We are so proud of our niece who just started at Colorado Mesa University, her sister who is now a high school freshman and their cousin who has enlisted in the United States Marine Corps. Semper Fi, Kyle! This reminds us of how quickly children grow up. What do you mean you are making homecoming plans? It seems like just yesterday you were toddling around our yard, gathering Easter eggs.
Speaking of children, it’s never too early to discuss insurance with them. The most frequent question I am asked is how much will it cost to add my child to my auto insurance policy? The good news is there are numerous discounts that will help keep the additional premium as low as possible.
A good student discount can be applied with a B average or better with most insurance companies.
A driver improvement or safety course discount also is available with a lot of companies. Make sure your child doesn’t rely solely on driver’s education, however. Teach them about the possible various locations of an emergency brake, for instance.
The vehicle choice also will help the premium. I advise my clients to shop for a sturdy four-door sedan for their children. Not the most fashionable, true, but they generally tend to be safer than a lot of other models. I think the most noteworthy vehicle we’ve insured for a teenager is an old school Ford Galaxy, which fit the daughter’s personality perfectly.
Because of the terrain we live in, I personally would encourage my child to keep at least the basic emergency and safety supplies in their vehicle. Flares, a flattened cardboard box and kitty litter for wintery sticky spots, an extra blanket, a few bottles of water and a flashlight or two is a good start.

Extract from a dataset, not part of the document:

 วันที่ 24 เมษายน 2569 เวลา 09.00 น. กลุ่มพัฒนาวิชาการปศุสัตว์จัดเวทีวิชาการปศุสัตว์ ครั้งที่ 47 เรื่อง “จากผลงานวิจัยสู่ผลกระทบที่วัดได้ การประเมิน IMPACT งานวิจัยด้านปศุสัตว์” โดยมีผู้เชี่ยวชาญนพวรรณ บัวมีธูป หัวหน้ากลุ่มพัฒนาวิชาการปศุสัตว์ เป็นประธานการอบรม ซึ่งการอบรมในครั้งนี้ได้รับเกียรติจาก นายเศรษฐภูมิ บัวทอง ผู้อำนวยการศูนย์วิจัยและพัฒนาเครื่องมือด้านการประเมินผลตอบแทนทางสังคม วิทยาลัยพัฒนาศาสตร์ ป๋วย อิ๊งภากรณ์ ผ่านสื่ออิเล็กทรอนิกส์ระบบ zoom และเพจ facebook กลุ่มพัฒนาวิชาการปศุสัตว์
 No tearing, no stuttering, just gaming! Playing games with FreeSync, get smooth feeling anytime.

And, by all means, warn them about the dangers of texting and driving. Search texting and driving videos on YouTube and you’ll understand what I mean.

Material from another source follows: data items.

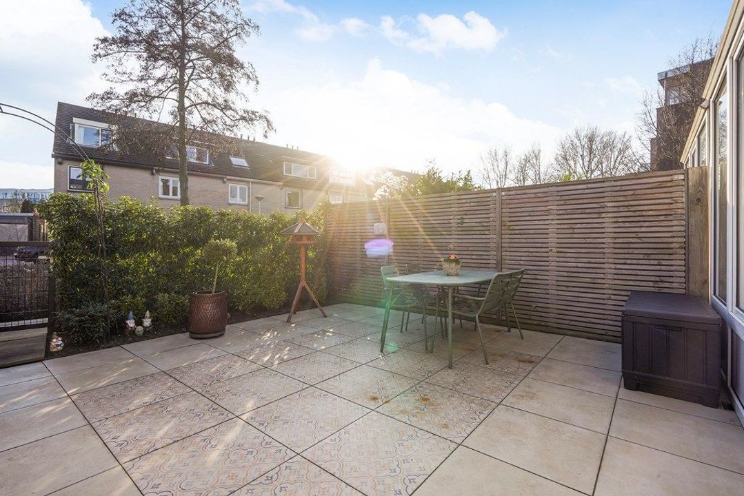 De zonnige achtertuin beschikt over een ruim terras, biedt veel privacy en ligt direct aan het water met een eigen vlonder – een heerlijke plek om te ontspannen en van het buitenleven te genieten.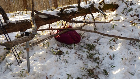 2022/12/16(金) 5時までシュラフに潜っていた。 朝食は焼餅を4つ食べた。 風が強かったのでテントはたたみ、 置いていくものは、全てシュラフカバーに入れて、ひもで倒木に縛りつけ、 枯れ木を重しに載せておいた。 |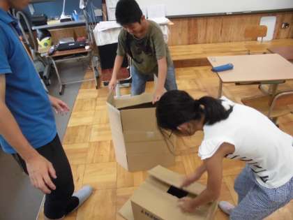 理科の時間に,「空気」について学習しています。今日は,空気ほうを作っていました。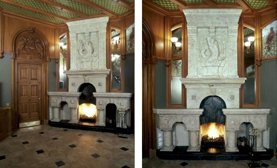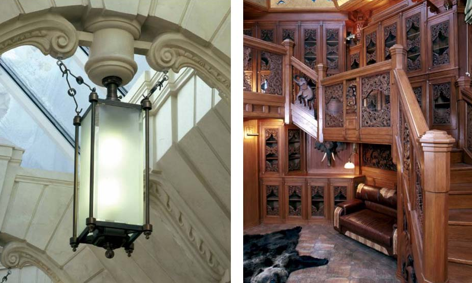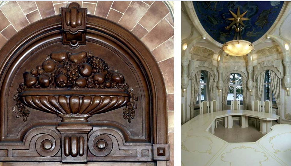 Резиденция выполнена в стиле неоромантизма. Стены фасадов облицованы по-разному обработанный известняком. Есть здесь и свой фонтан-грот, с той самой волшебной дверью, которую искали фанаты старинного ключа. Этакая отсылка к Буратино видимо:)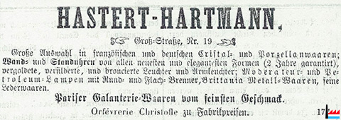 | 1857 | Hastert - Hartmann : Faïence, porcelaines, cristaux, verreries, etc. - Farines, légumes secs et articles farineux (fabricant de vermicelle etc.) - Fleurs artificielles - Confiseur - Bijoutiers, joailliers et orfèvres - 1857. |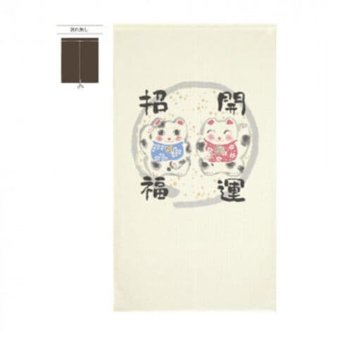 市松柄レースのれん 開運招福招き W850×H1500 42224

Speaking of college, if your son or daughter is away at school, be sure to discuss their personal belongings coverage with your insurance professional. Coverage can be extended from your homeowners insurance, or placed on a separate renters insurance policy. Old comfortable sweatshirts may not be of monetary value, but that new laptop, printer and latest iPhone are.
Be sure and check out your different health insurance options. As an alternative to keeping them on your health insurance plan, many colleges offer student coverage, and most qualify for the Affordable Care Act. Check out HeathCare.gov for more information.
And lastly, now is the time to look into life insurance policy for your child if you haven’t already. Term life policies are inexpensive, and can help pay for funeral or other expenses.
As always, check with your insurance professional. Ask them if they have a teen driver safety packet or brochures you can share with your child.